SynBioDex / SBOL-specification

The Synthetic Biology Open Language (SBOL)
http://sbolstandard.org
14 stars 9 forks source link

Consolidate recommended sequence encodings? #10

Closed jakebeal closed 4 years ago

jakebeal commented 9 years ago

Somebody needs to revisit the question of which sequence encodings are recommended for the next version of the spec. We looked at EDAM on NCBO as a nice example that integrates many ontologies in biology. This could be a possible way to simplify to one ontology source rather than many as a best practice.

[imported from LaTeX]

goksel commented 9 years ago

Here are the terms from EDAM: SMILES: http://identifiers.org/edam/format_1196 InChI:http://identifiers.org/edam/format_1197 inchikey:http://identifiers.org/edam/format_1199 dna:http://identifiers.org/edam/format_1212 (Add a validation rule to indicate that the sequence must be valid according to the IUPAC DNA encoding at http://www.chem.qmul.ac.uk/iubmb/misc/naseq.html) rna:http://identifiers.org/edam/format_1213 aminoacid:http://identifiers.org/edam/format_1219 (Add a validation rule to indicate that the sequence must be valid according to the IUPAC AminoAcid encoding at http://www.chem.qmul.ac.uk/iupac/AminoAcid/)

jakebeal commented 7 years ago

Note: the commit referenced the wrong issue number.
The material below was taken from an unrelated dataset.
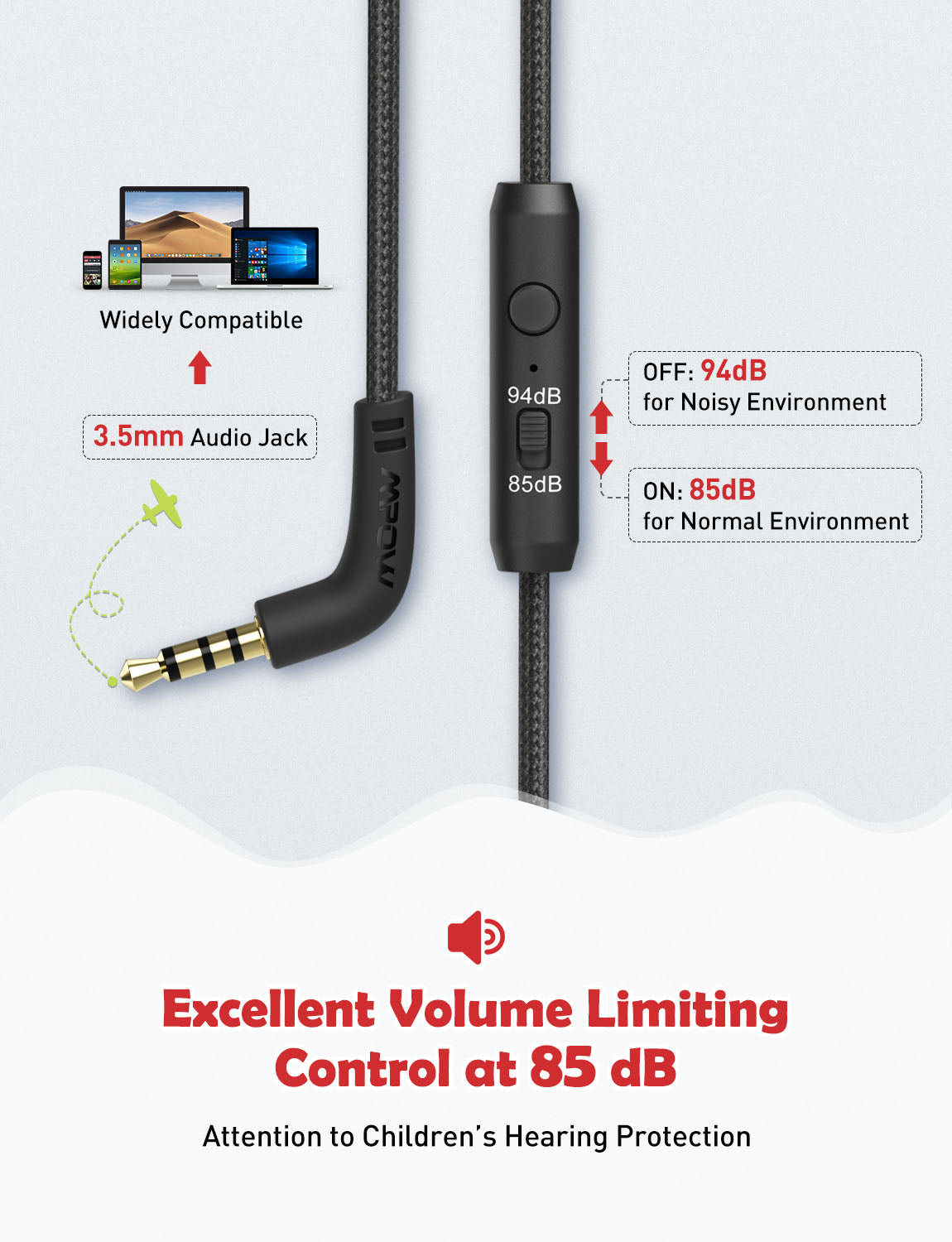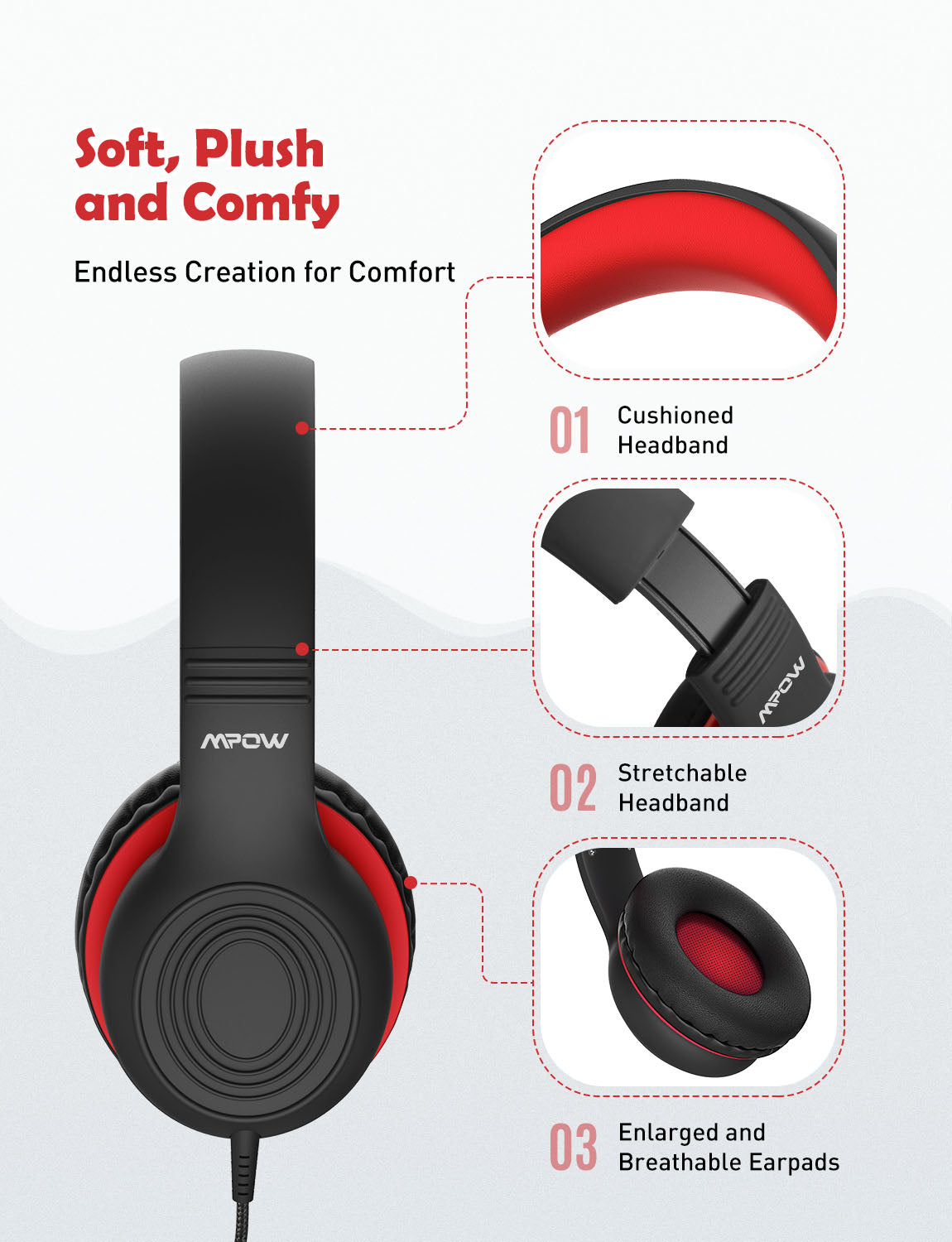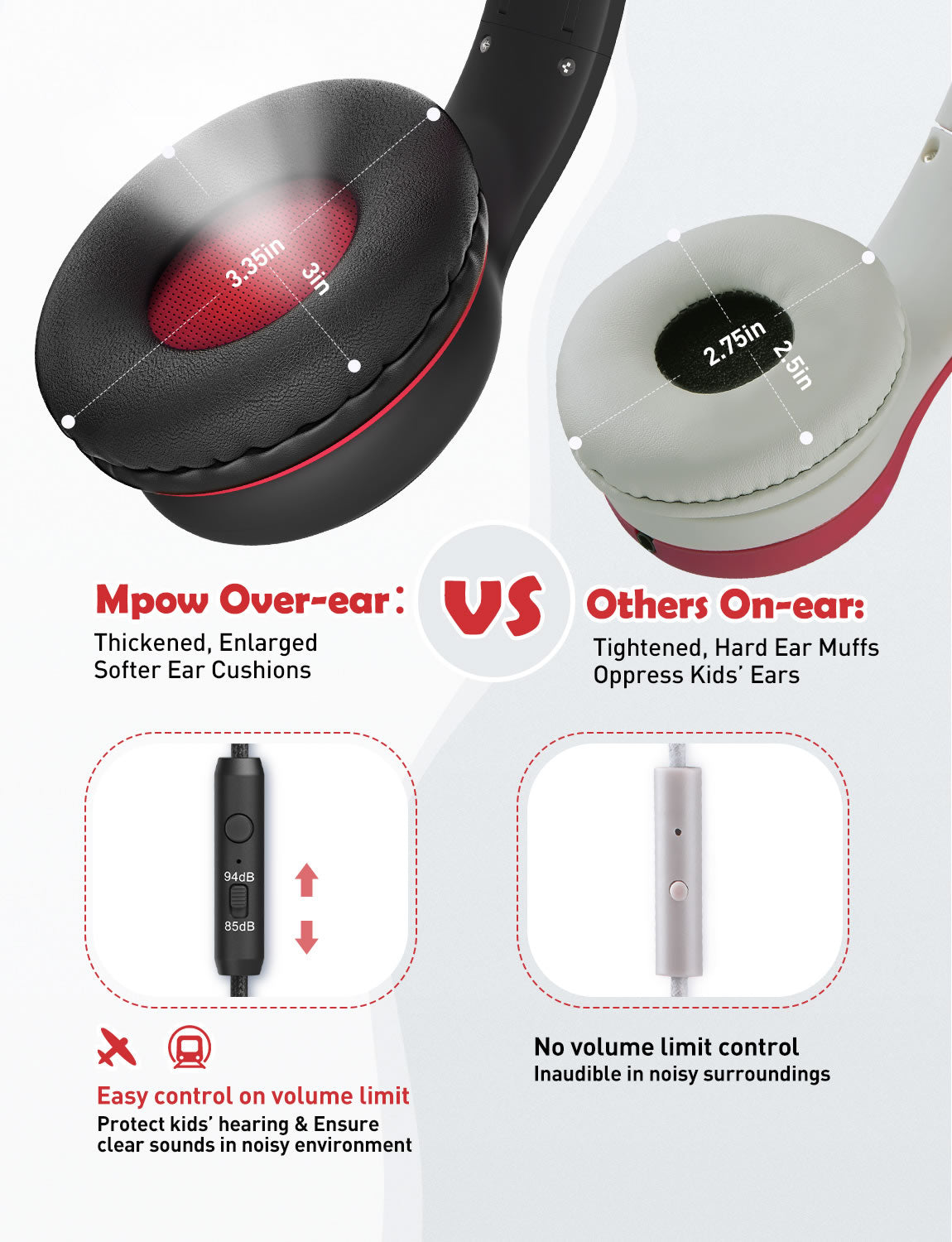 A Satisfying gift for the Kids Mpow Versatile Kids Headphones for Boys Girls Better Performance and More Comfortable for Kids - 3.5MM Jack - Sharing Audio In order to protect your child's hearing health, it is important to choose a high-quality wired kids headphones. Our kids headphones are designed with comfortable and soft ear cups, which effectively reduce external noise and allow children to immerse themselves in a clear world of music or online education. The specially designed 85/94db sound control technology ensures that the volume is within a safe range and avoids damage to children's ears.

jakebeal commented 7 years ago

Paraphrase of email conversation:

We should first agree on whether we want this backward compatible or not. Update the table with the new URIs won't be backward compatible.

CURRENT STATE OF THE SPEC: The encoding property can only have only one URI value.

Table1 sequence encoding types: Type URI
DNA, RNA http://www.chem.qmul.ac.uk/iubmb/misc/naseq.html Protein http://www.chem.qmul.ac.uk/iupac/AminoAcid/ SMILES http://www.opensmiles.org/opensmiles.html SmallMolecule

Solution 1 - NOT BACKWARD COMPATIBLE: Update Table 1 with new URIs

Solution 2- BACKWARD COMPATIBLE: Extend Table 1 with new entries only (such as InChi), keeping the existing values from Table 1 above.

Solution 3- BACKWARD COMPATIBLE: Update the encoding property to have a set of URIs rather than a single URI to have both old and new values. Update Table 1 with the new URIs below.

The non-backward-compatible solution would make this a 3.0 change. As for which of the backward compatible solutions is best... I don't really like either of the solutions, and there's also an issue that Sid pointed out on the Editor's call: switching to the identifiers.org URIs has the disadvantage that it makes the format totally inscrutable from URI (e.g., why should I associate "1212" with "DNA"?).

palchicz commented 5 years ago

This issue is being forced by https://github.com/SynBioDex/SBOL-specification/issues/191, where the URIs no longer dereference correctly. Although the dereferencing is an issue, changing the libraries to use the new URIs will introduce many more breaking changes. Therefore, we decided that this should be a 3.0 change (option 1).

jakebeal commented 4 years ago

Is this one now complete?

cjmyers commented 4 years ago

I think we did update encodings, so can close.